(Stored records)
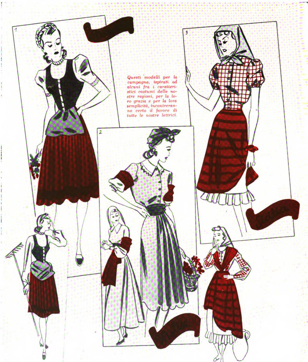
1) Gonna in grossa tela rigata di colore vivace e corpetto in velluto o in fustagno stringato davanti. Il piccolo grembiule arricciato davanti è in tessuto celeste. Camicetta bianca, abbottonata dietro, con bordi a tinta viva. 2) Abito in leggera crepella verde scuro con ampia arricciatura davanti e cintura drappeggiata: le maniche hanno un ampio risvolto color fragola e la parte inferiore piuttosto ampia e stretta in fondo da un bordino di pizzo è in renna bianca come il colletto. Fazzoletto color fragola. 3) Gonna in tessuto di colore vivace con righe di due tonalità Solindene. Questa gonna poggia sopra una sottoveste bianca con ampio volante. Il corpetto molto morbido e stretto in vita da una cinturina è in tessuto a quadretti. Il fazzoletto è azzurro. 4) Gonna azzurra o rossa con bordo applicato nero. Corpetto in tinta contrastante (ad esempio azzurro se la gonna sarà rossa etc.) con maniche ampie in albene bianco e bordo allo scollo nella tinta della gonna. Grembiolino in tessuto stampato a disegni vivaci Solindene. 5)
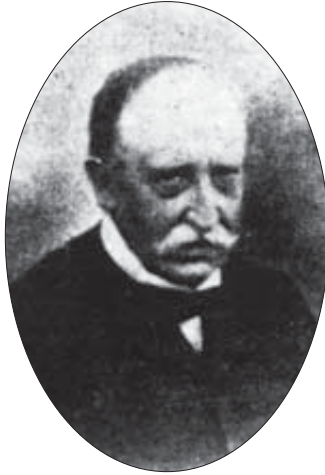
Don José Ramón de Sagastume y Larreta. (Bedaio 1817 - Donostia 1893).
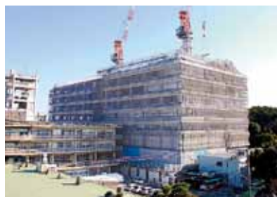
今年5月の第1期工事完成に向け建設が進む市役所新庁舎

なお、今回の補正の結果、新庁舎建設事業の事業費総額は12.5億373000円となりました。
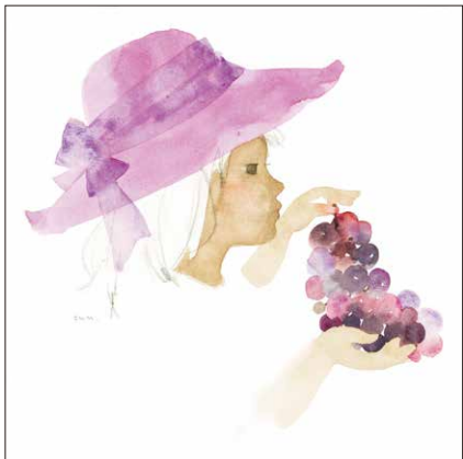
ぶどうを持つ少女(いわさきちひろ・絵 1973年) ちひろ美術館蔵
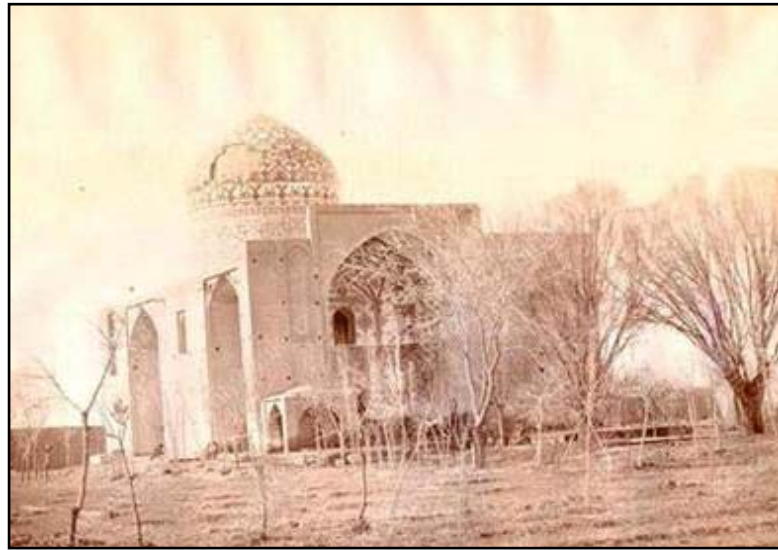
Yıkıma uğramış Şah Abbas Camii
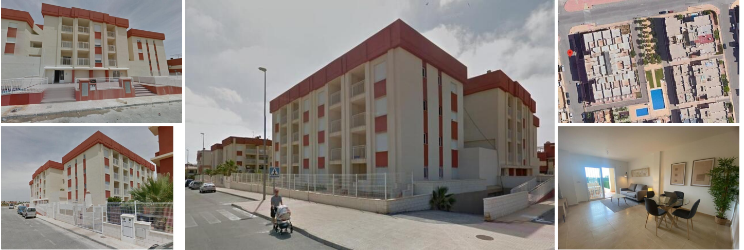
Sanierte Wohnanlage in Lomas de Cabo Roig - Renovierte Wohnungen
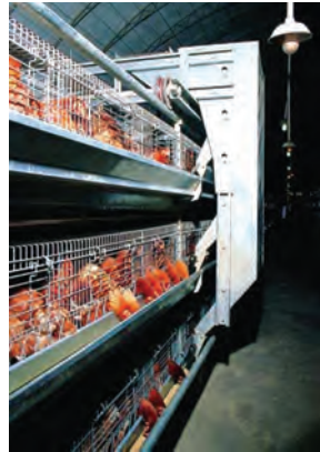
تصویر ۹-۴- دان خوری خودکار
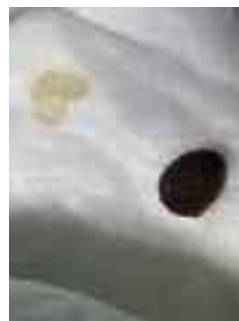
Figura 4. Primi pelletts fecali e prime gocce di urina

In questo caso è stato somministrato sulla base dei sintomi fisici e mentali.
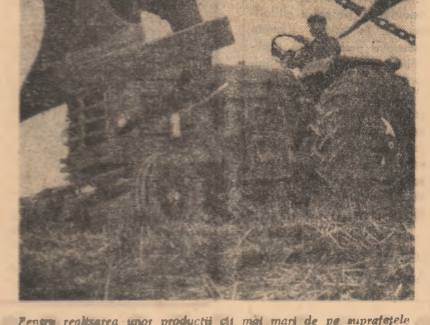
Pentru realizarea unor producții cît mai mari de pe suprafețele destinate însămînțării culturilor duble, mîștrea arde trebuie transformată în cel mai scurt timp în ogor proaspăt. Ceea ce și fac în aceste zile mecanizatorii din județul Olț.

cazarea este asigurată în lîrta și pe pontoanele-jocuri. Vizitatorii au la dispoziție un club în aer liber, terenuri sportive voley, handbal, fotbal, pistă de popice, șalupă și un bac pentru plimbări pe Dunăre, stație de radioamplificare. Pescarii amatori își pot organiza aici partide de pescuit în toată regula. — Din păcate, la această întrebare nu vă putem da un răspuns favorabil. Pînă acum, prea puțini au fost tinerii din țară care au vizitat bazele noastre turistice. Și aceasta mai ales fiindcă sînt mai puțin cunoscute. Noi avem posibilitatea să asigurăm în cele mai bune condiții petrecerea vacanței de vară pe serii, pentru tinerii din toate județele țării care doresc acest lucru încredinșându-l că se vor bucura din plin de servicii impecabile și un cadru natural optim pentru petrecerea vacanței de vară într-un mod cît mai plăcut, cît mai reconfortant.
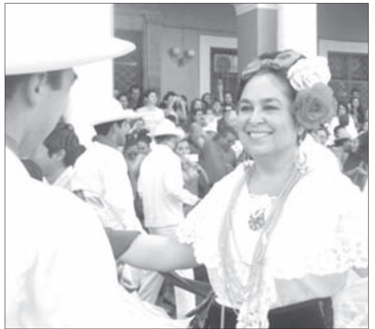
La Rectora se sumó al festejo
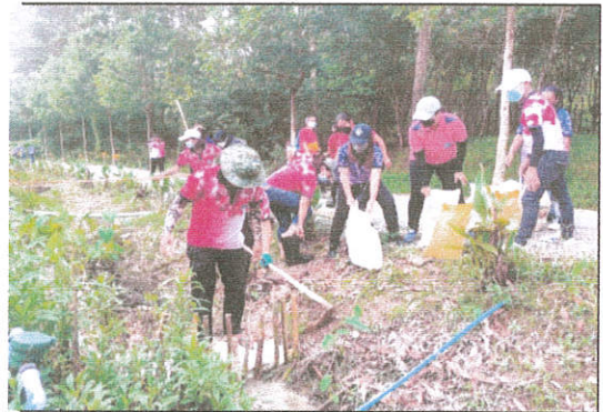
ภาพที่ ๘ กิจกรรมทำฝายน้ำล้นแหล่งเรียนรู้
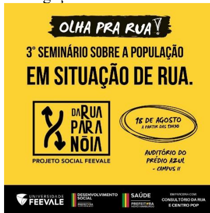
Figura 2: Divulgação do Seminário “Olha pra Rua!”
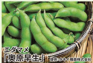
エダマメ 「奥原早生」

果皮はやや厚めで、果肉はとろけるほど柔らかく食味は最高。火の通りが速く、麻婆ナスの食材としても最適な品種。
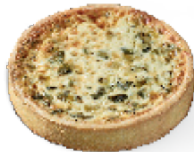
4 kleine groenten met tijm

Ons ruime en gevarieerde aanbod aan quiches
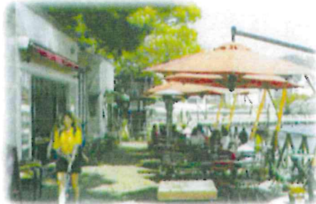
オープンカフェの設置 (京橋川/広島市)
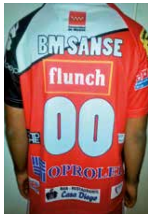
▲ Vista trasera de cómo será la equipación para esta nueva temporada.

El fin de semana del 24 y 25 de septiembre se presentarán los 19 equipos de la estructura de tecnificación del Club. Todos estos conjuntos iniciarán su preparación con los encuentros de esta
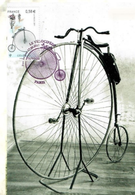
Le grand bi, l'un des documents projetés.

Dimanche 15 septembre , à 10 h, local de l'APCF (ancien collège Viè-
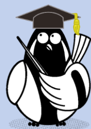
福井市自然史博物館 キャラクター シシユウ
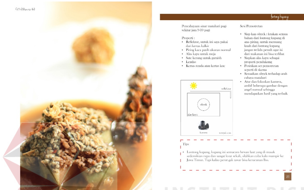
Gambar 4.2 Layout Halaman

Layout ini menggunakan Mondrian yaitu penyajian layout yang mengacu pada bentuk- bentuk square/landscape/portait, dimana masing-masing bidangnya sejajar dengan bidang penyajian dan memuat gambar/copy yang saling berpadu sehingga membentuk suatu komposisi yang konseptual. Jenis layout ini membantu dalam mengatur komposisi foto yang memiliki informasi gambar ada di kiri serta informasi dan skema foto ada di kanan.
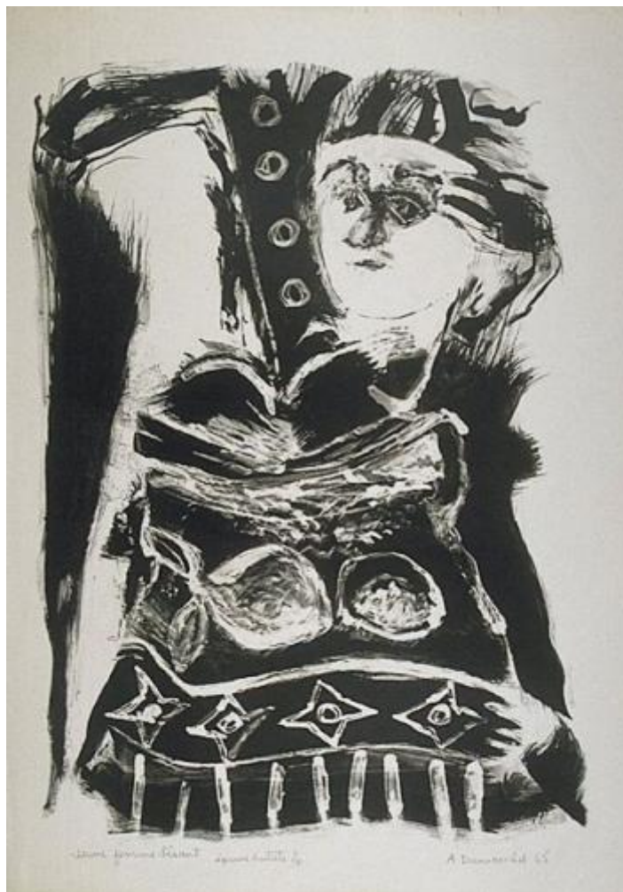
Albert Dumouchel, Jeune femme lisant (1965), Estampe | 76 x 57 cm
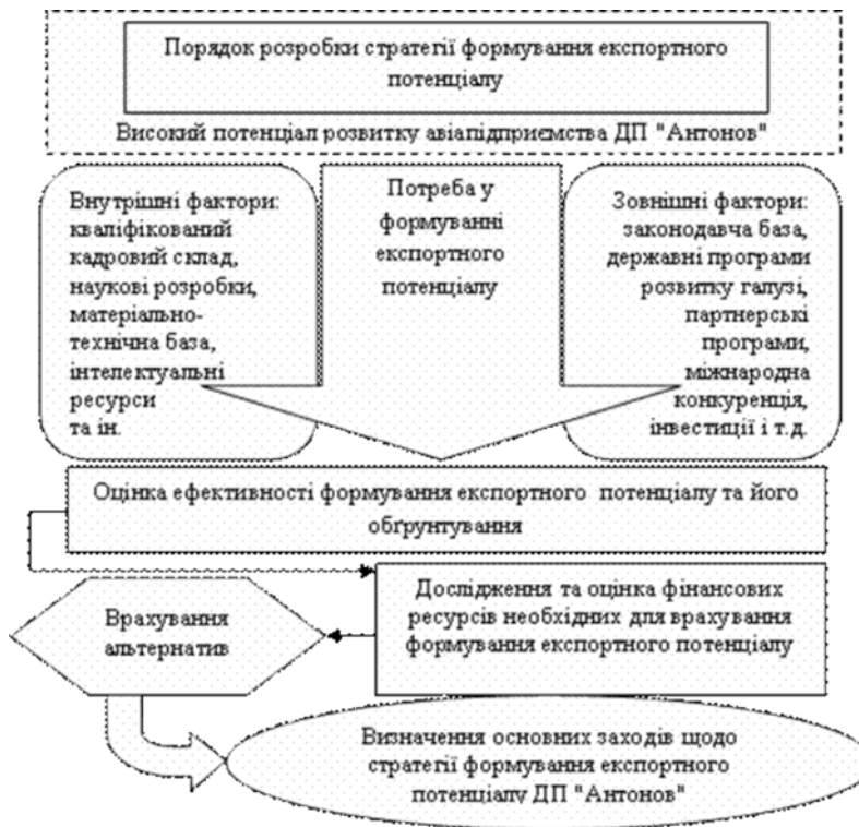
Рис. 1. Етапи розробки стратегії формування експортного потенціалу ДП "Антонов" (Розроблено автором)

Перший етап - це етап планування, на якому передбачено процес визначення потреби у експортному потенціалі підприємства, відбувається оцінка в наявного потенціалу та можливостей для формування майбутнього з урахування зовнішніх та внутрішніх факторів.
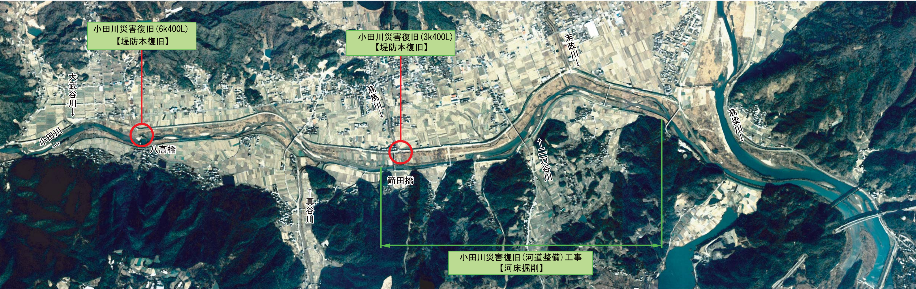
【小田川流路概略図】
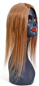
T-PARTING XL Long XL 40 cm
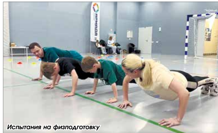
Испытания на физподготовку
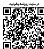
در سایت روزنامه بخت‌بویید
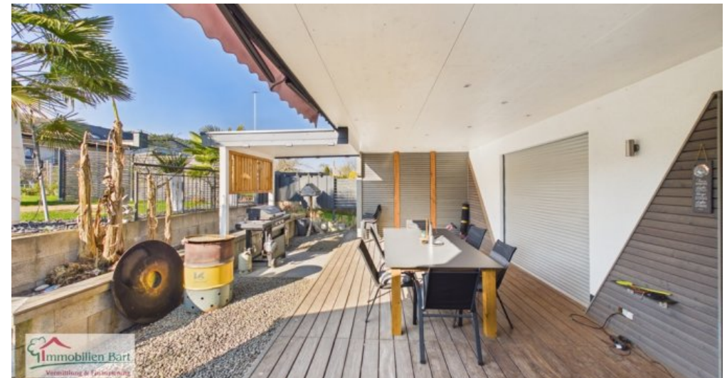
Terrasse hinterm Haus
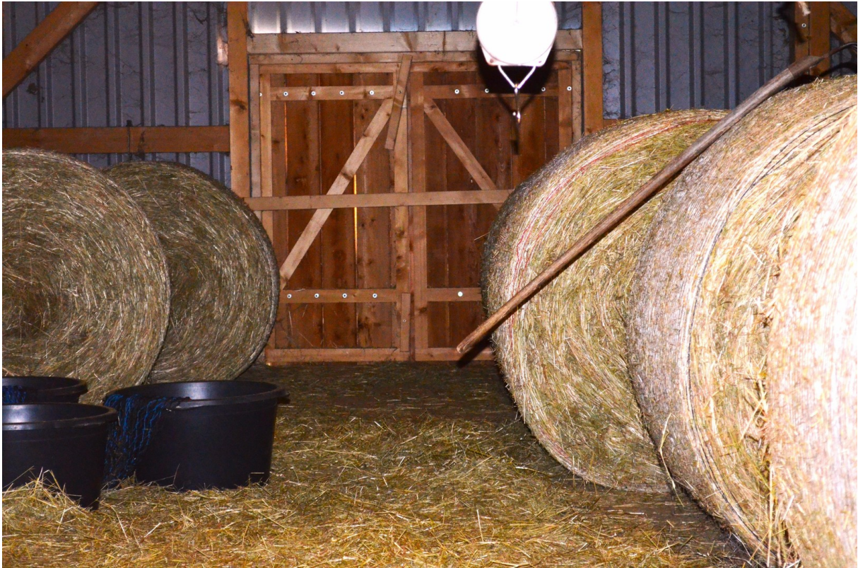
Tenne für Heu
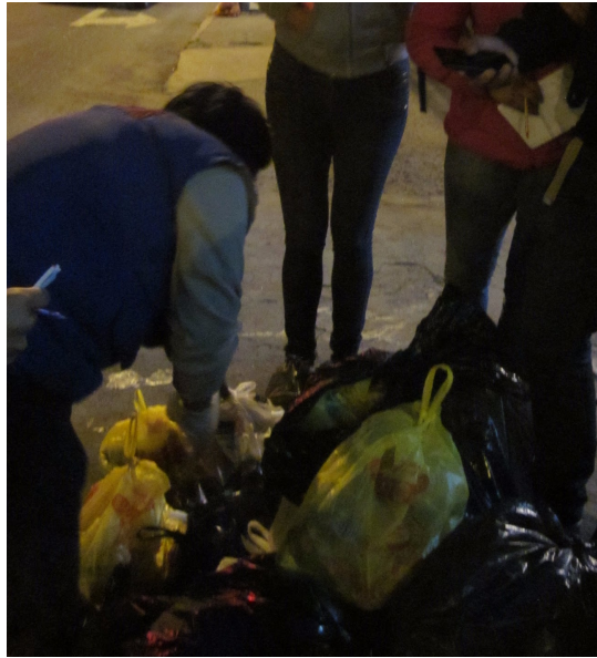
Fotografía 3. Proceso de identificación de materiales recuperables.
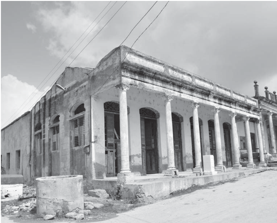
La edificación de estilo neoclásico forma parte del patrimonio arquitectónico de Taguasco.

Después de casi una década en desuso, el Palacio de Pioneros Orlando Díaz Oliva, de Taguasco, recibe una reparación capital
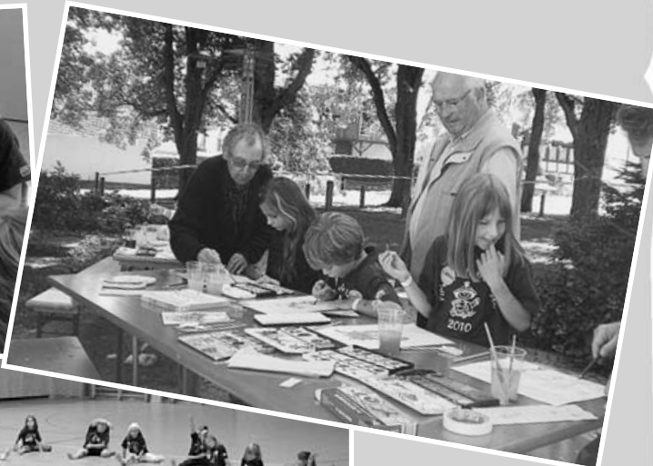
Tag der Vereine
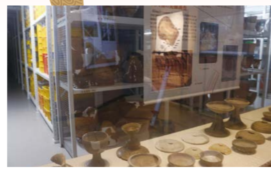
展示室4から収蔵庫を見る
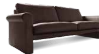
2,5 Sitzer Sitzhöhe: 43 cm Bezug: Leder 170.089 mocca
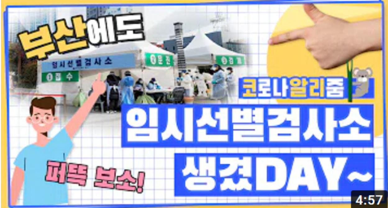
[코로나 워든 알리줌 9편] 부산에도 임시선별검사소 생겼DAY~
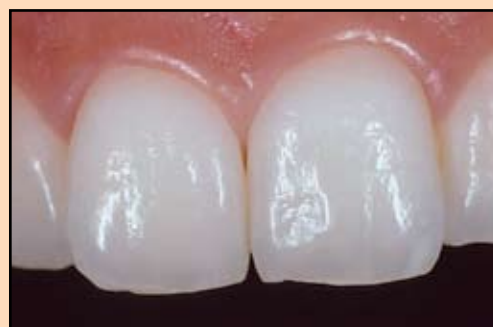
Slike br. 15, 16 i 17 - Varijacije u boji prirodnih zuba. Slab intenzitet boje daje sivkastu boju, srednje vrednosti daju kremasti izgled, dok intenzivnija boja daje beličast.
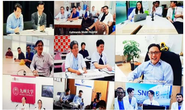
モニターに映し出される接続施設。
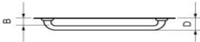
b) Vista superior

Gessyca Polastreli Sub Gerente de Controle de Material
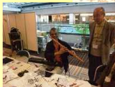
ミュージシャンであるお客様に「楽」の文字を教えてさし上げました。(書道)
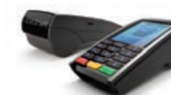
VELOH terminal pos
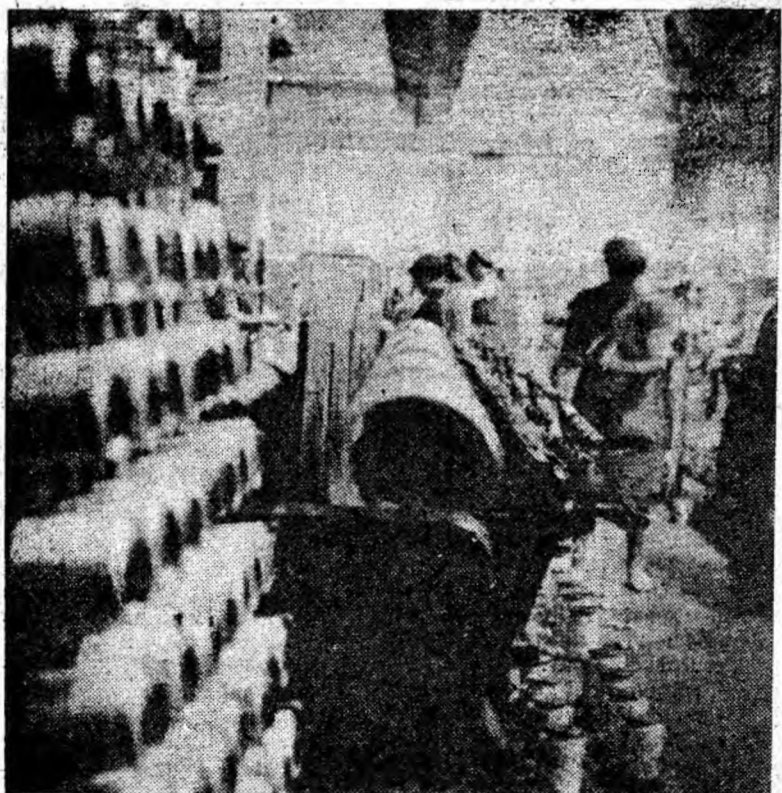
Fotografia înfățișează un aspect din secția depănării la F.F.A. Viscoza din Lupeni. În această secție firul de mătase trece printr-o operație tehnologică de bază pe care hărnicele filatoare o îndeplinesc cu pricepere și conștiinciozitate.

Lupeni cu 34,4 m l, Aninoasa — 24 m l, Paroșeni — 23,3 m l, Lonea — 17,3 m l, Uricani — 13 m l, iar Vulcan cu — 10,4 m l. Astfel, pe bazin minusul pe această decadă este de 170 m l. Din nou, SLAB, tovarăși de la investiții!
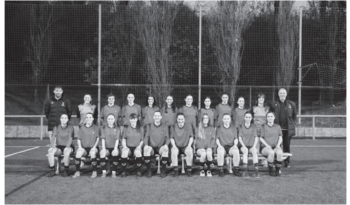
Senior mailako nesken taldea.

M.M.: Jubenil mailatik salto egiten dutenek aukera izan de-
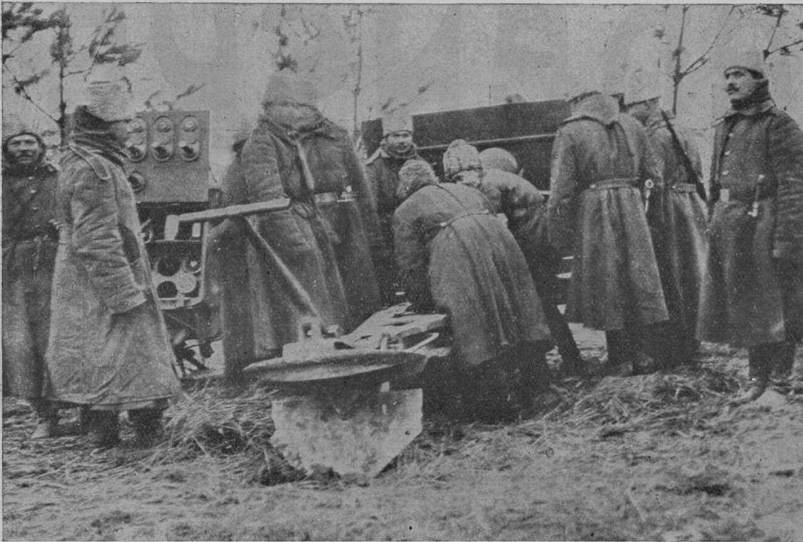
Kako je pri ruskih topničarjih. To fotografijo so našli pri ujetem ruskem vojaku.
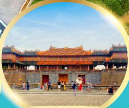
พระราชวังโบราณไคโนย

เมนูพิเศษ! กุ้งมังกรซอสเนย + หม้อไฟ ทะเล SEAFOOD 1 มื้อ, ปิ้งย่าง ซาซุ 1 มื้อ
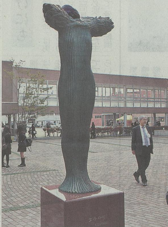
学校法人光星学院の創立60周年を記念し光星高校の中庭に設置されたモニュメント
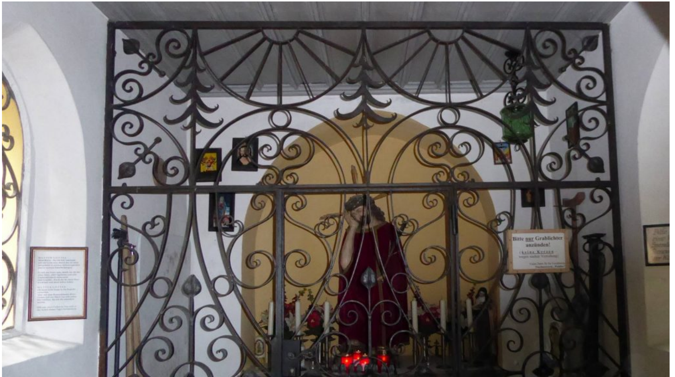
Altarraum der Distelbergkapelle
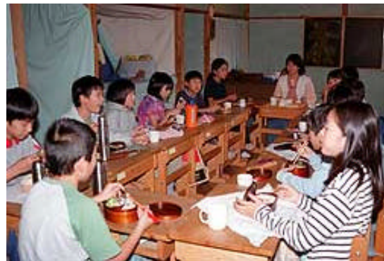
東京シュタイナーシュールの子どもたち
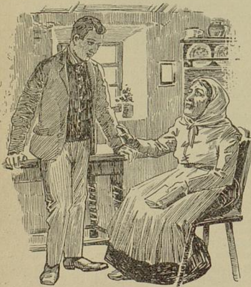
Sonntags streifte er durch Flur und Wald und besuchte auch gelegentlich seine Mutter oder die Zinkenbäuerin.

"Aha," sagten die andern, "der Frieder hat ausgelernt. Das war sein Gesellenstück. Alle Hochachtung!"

• What needs to be done
Lines holding "потенціалу": copy each one from the records above.

• Problem solution
Рис. 1. Етапи розробки стратегії формування експортного потенціалу ДП "Антонов" (Розроблено автором)
Перший етап - це етап планування, на якому передбачено процес визначення потреби у експортному потенціалі підприємства, відбувається оцінка в наявного потенціалу та можливостей для формування майбутнього з урахування зовнішніх та внутрішніх факторів.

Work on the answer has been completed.